Source information:
+---+

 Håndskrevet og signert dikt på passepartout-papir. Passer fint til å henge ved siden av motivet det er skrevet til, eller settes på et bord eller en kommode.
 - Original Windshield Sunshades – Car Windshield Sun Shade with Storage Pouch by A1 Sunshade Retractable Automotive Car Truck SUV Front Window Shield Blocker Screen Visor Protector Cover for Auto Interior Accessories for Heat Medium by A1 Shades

+---+

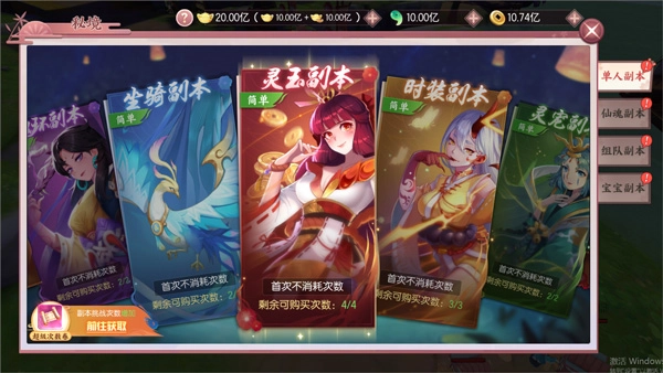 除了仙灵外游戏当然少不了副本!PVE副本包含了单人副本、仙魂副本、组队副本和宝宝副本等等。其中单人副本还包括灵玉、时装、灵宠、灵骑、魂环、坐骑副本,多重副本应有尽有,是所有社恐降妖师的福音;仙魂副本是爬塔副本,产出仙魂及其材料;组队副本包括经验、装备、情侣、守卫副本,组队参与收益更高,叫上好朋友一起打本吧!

+---+

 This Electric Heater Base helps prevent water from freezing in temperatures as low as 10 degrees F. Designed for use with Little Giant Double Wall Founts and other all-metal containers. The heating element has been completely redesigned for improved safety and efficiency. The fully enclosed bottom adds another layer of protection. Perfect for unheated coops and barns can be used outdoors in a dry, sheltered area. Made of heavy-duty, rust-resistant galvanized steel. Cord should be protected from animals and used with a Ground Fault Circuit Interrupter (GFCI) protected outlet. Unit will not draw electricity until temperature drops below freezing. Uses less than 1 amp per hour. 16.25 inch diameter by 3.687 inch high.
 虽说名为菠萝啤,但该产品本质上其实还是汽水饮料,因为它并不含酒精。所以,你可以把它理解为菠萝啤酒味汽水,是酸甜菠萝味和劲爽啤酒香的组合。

+---+

Work order: The reply should hold only the lines of the listing above starting at the line containing "Håndskrevet og signert" and ending at the line containing "- Original Windshield", exactly as written.

Task answer:
 Håndskrevet og signert dikt på passepartout-papir. Passer fint til å henge ved siden av motivet det er skrevet til, eller settes på et bord eller en kommode.
 - Original Windshield Sunshades – Car Windshield Sun Shade with Storage Pouch by A1 Sunshade Retractable Automotive Car Truck SUV Front Window Shield Blocker Screen Visor Protector Cover for Auto Interior Accessories for Heat Medium by A1 Shades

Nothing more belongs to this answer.